Pacelle introduces us to several entrepreneurs who are trying to change it. Plant-based products with the taste and “mouth feel” of meat are already in supermarkets and restaurant chains, offering a product that is not only cruelty-free, but healthier and more environmentally friendly than meat. Further down the track, if costs can be reduced we may be eating meat that comes from a factory without ever being part of an animal. In 2013 Mark Post, of Maastricht University in the Netherlands, served a group of journalists the world’s first lab-grown hamburger. In a Brooklyn laboratory, Andras Forgacs’s company Modern Meadow uses a different process to achieve the same end. Forgacs visited Pacelle in Washington, D.C., bringing a “steak chip,” a kind of lab-grown beef jerky. Pacelle, a vegan for thirty years, had to think hard before deciding to take a bite. He does not enthuse about the taste, but adds that real beef jerky wouldn’t do much for him either.

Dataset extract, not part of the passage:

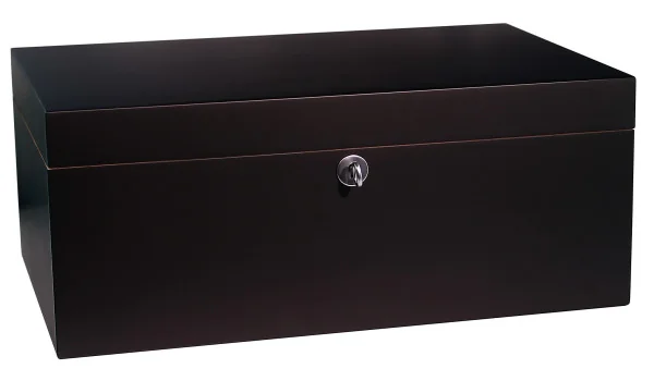 This modern and functional humidor from the adorini Basic series in size L impresses with its matte black finish and versatility. With space for approximately 150 cigars or even smaller cigar boxes, it offers an ideal solution for safely storing your cigars. It comes with an analog hygrometer and a passive sponge humidifier. The hygrometer measures humidity using a metal coil and, together with the humidifier, is magnetically and flexibly attached to the humidor lid. The humidor is also equipped with a lock to protect against unauthorized access. A double set of keys is included so you have a spare key. The humidor features matte silver hinges inside and a particularly strong sealing lip, which ensures optimal humidity retention. A vertical divider allows for additional compartmentalization of the interior. An additional, removable tiered stand organizes the humidor in an aesthetic and functional way. It is removable and equipped with ventilation grooves for optimal humidity circulation.
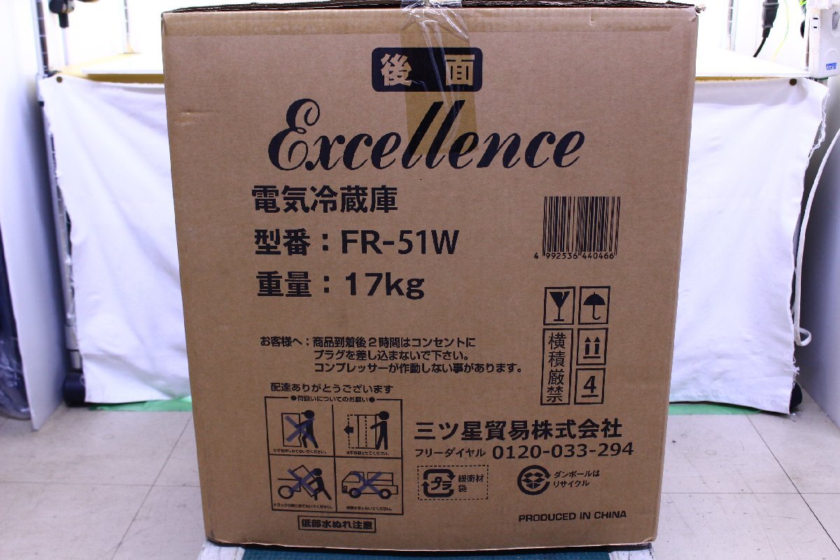 ●【未開封】三ツ星貿易 FR-51W 電気冷蔵庫 小型冷蔵庫 45L コンプレッサー式 省スペースタイプ ホワイト【10935732】

There is broad support beyond the animal movement for reducing meat consumption. The United Nations Food and Agriculture Organization report Livestock’s Long Shadowacknowledged that livestock, as a result of their digestive process, are responsible for more greenhouse gas emissions than the entire transport sector.7 One study has even suggested that farmed animals are the most significant drivers of climate change.